**Data to examine**
* * * *

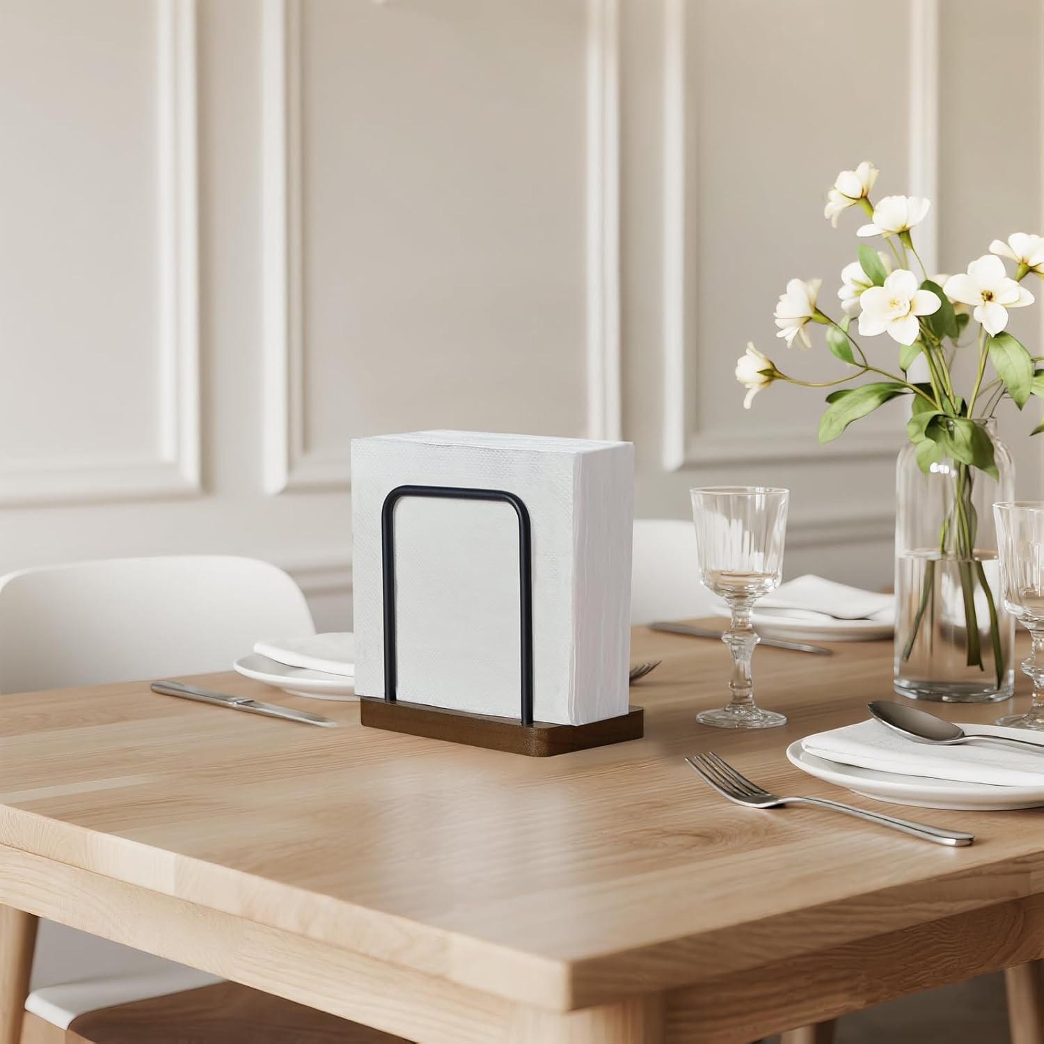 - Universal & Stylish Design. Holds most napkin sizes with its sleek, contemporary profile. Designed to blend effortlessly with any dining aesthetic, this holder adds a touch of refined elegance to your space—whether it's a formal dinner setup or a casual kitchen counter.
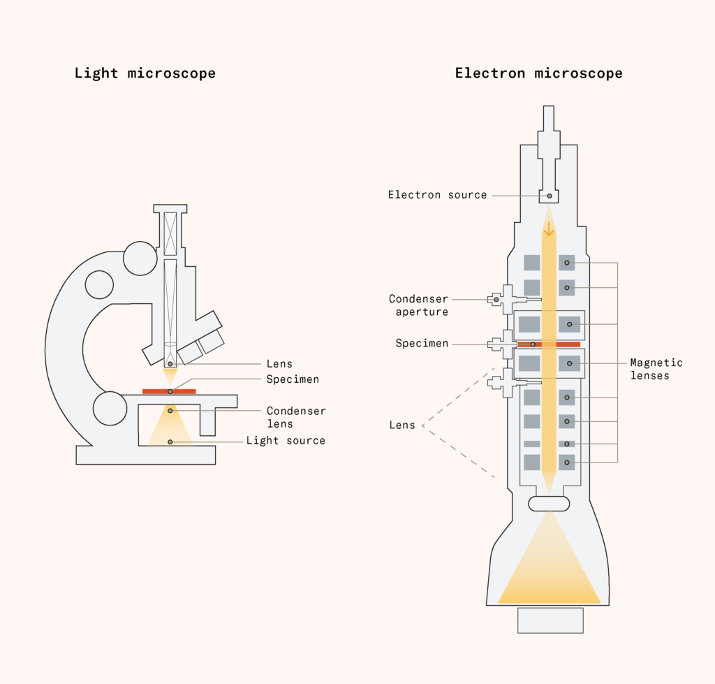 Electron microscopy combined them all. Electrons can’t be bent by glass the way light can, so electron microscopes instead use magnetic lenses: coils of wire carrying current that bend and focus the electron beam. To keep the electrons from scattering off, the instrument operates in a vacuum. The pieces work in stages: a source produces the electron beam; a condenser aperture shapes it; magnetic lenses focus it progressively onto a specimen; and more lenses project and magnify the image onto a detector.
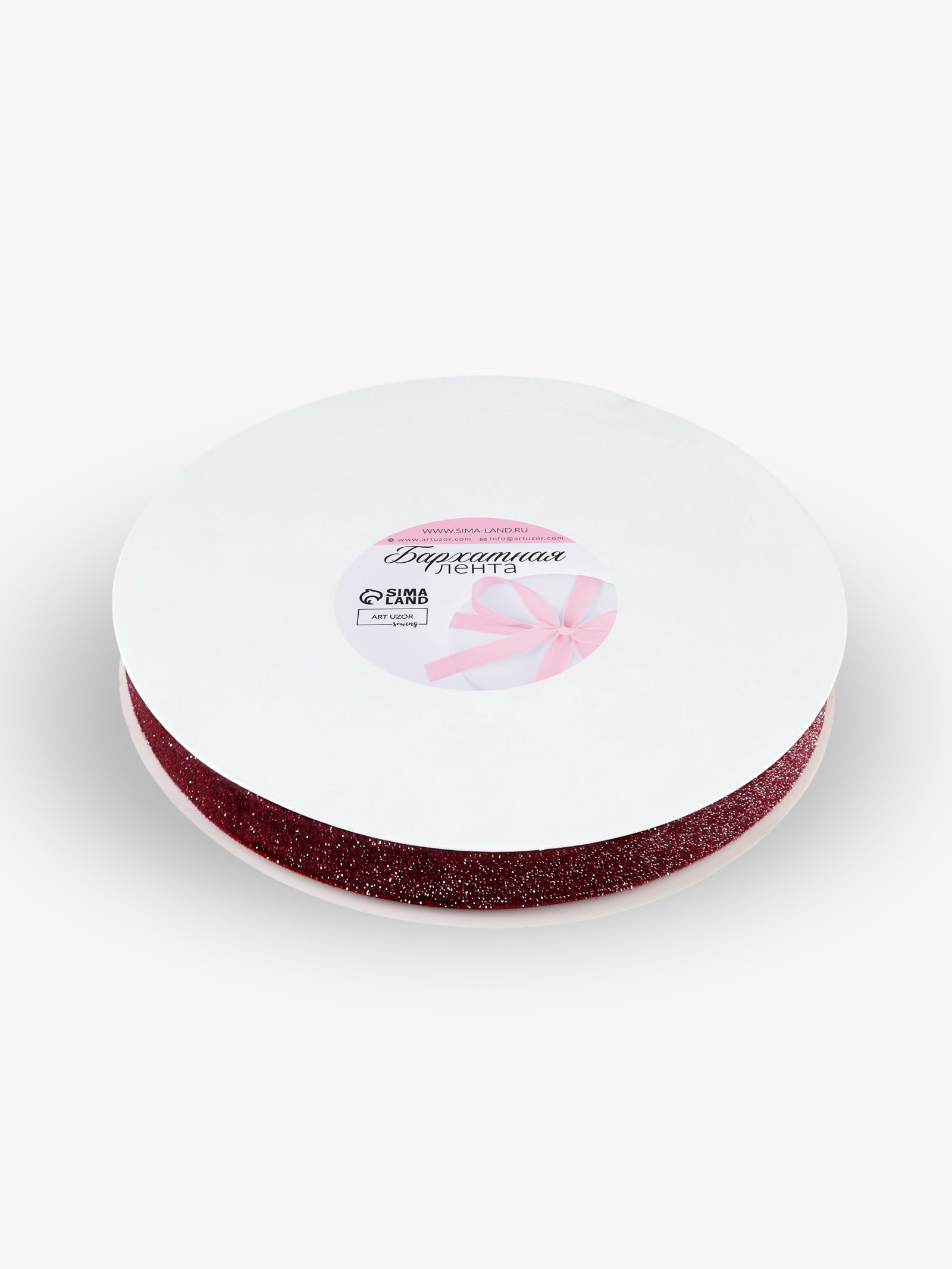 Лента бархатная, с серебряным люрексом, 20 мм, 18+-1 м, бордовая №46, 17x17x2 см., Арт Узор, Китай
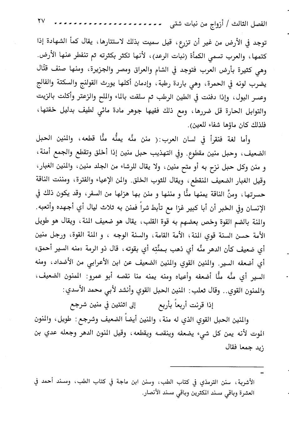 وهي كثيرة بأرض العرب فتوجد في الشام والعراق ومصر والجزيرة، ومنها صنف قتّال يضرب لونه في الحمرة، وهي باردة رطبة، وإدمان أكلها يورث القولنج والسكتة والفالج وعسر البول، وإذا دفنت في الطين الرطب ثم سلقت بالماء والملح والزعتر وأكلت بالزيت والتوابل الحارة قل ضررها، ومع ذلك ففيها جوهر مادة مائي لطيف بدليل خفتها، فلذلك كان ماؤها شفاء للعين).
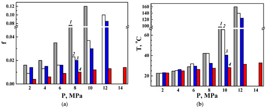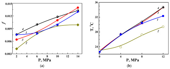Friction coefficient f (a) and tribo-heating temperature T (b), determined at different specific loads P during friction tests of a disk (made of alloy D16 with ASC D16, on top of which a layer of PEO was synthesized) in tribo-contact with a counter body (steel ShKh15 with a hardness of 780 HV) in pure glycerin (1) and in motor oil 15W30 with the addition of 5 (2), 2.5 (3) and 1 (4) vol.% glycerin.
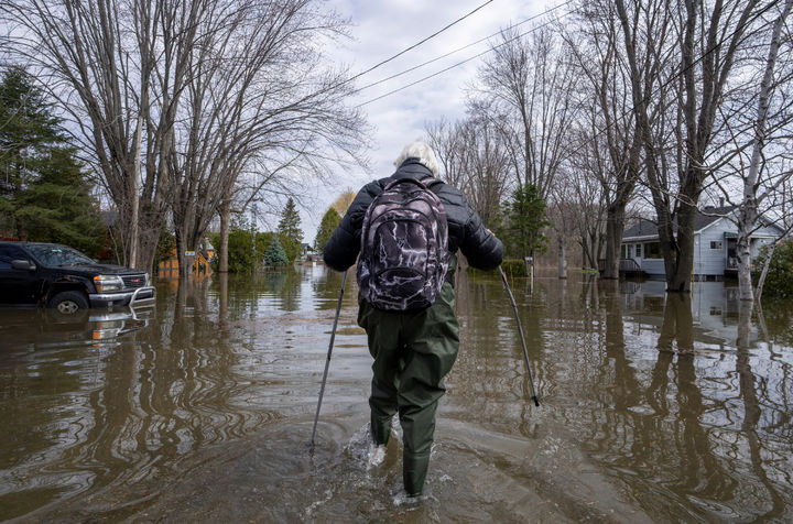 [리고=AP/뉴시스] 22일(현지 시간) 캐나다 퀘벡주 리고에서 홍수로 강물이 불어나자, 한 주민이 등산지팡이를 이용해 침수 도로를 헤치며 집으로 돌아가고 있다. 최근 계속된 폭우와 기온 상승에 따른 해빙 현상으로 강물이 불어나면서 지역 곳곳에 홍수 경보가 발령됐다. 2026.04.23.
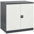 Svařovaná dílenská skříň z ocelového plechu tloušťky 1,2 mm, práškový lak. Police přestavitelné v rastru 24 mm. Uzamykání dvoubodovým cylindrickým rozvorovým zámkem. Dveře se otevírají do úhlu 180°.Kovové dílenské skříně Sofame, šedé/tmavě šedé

* * * *

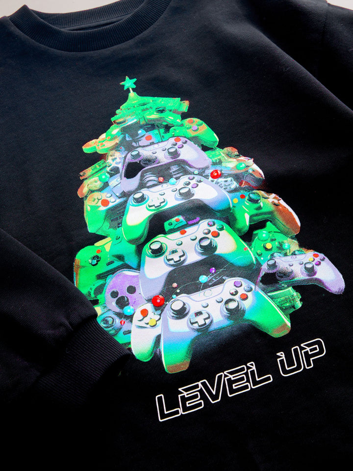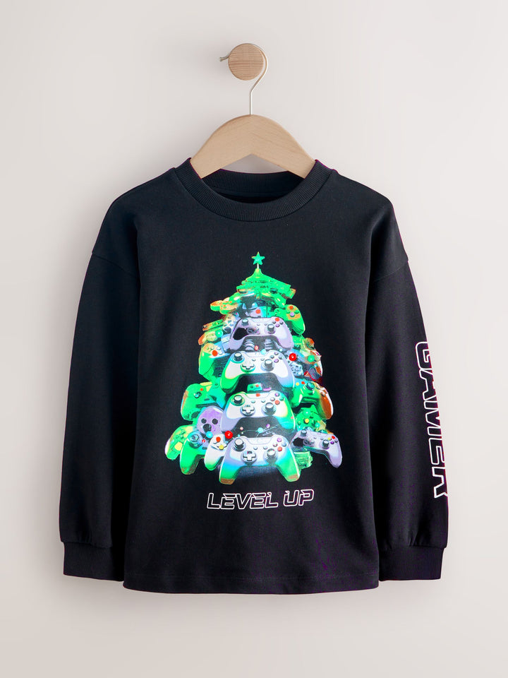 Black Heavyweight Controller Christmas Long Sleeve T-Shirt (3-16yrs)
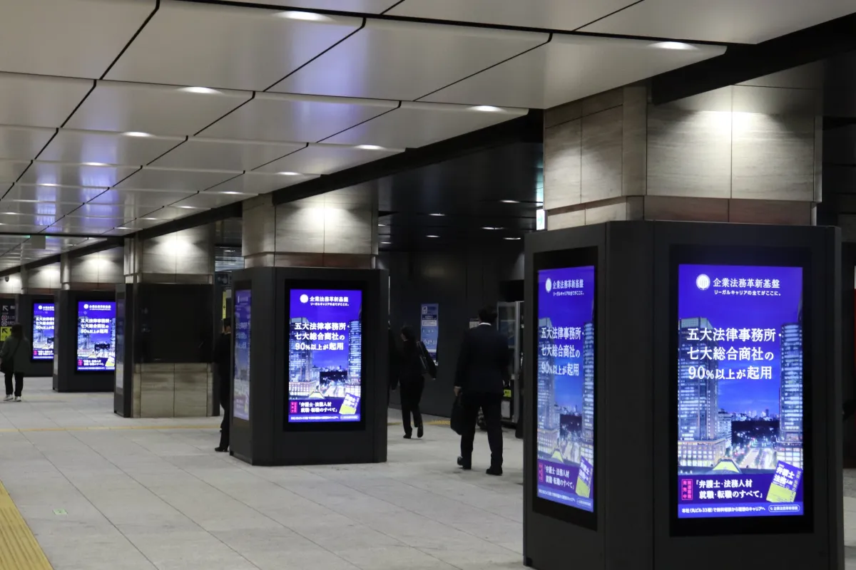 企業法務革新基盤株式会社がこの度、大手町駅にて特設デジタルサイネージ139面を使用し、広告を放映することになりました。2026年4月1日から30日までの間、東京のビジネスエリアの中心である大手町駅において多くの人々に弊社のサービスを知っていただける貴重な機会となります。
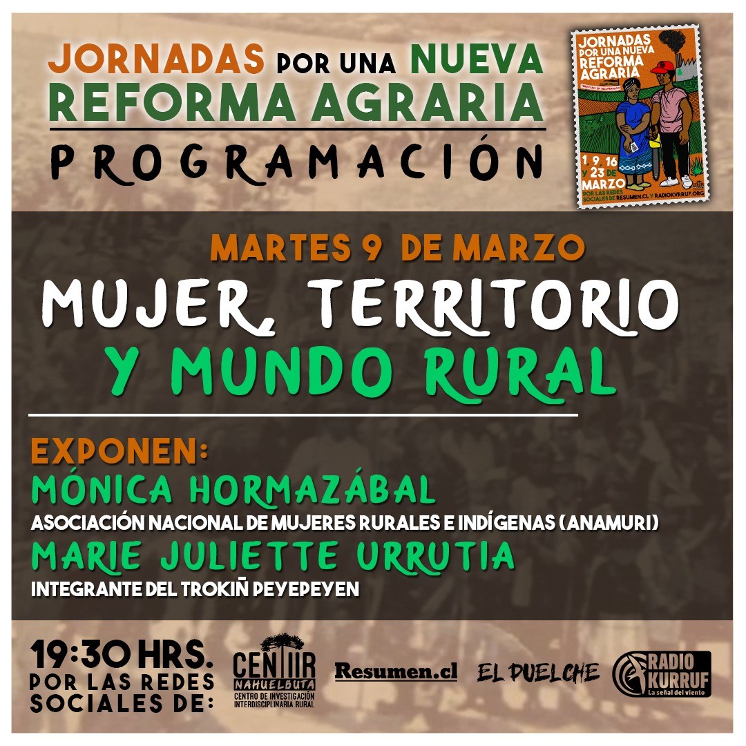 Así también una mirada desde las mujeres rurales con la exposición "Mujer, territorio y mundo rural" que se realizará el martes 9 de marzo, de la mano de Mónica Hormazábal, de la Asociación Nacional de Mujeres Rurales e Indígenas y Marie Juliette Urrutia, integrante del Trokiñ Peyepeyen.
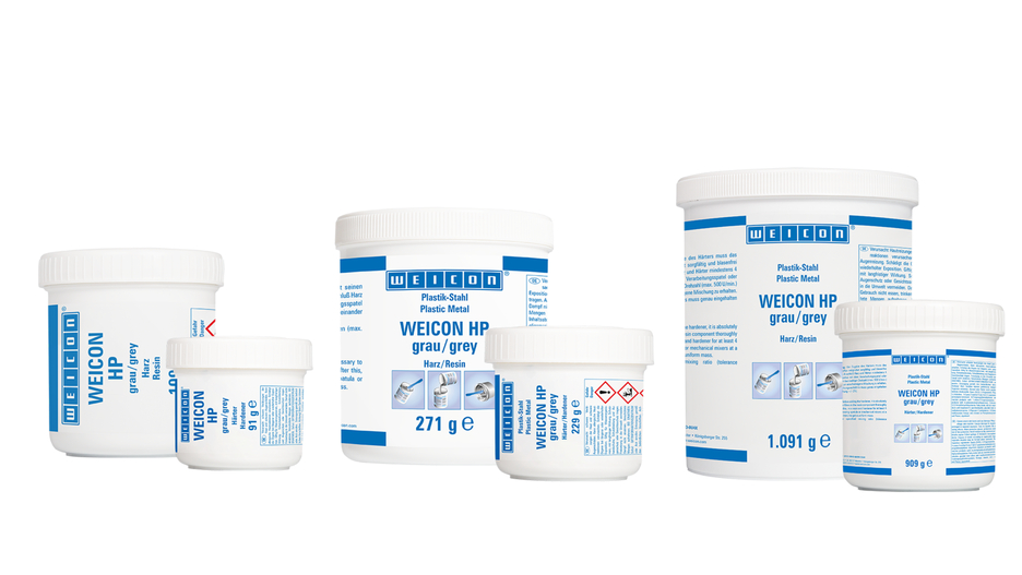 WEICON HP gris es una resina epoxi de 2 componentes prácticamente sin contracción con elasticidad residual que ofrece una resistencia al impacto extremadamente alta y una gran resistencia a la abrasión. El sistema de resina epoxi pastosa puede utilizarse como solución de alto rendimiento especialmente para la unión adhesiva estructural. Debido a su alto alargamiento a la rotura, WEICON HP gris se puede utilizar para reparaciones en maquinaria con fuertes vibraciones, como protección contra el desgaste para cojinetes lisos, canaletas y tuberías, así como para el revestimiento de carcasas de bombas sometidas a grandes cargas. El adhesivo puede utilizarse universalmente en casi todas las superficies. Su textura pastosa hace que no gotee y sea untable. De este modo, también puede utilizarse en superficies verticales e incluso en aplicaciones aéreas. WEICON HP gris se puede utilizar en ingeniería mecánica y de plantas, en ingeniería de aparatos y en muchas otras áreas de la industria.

* * * *

**About this exercise**
After locating the line containing "Black Heavyweight Controller" in the entries above, return it and every line after it exactly, ending at the line containing "WEICON HP gris es", without pictures.

**Task result**
 Black Heavyweight Controller Christmas Long Sleeve T-Shirt (3-16yrs)
 企業法務革新基盤株式会社がこの度、大手町駅にて特設デジタルサイネージ139面を使用し、広告を放映することになりました。2026年4月1日から30日までの間、東京のビジネスエリアの中心である大手町駅において多くの人々に弊社のサービスを知っていただける貴重な機会となります。
 Así también una mirada desde las mujeres rurales con la exposición "Mujer, territorio y mundo rural" que se realizará el martes 9 de marzo, de la mano de Mónica Hormazábal, de la Asociación Nacional de Mujeres Rurales e Indígenas y Marie Juliette Urrutia, integrante del Trokiñ Peyepeyen.
 WEICON HP gris es una resina epoxi de 2 componentes prácticamente sin contracción con elasticidad residual que ofrece una resistencia al impacto extremadamente alta y una gran resistencia a la abrasión. El sistema de resina epoxi pastosa puede utilizarse como solución de alto rendimiento especialmente para la unión adhesiva estructural. Debido a su alto alargamiento a la rotura, WEICON HP gris se puede utilizar para reparaciones en maquinaria con fuertes vibraciones, como protección contra el desgaste para cojinetes lisos, canaletas y tuberías, así como para el revestimiento de carcasas de bombas sometidas a grandes cargas. El adhesivo puede utilizarse universalmente en casi todas las superficies. Su textura pastosa hace que no gotee y sea untable. De este modo, también puede utilizarse en superficies verticales e incluso en aplicaciones aéreas. WEICON HP gris se puede utilizar en ingeniería mecánica y de plantas, en ingeniería de aparatos y en muchas otras áreas de la industria.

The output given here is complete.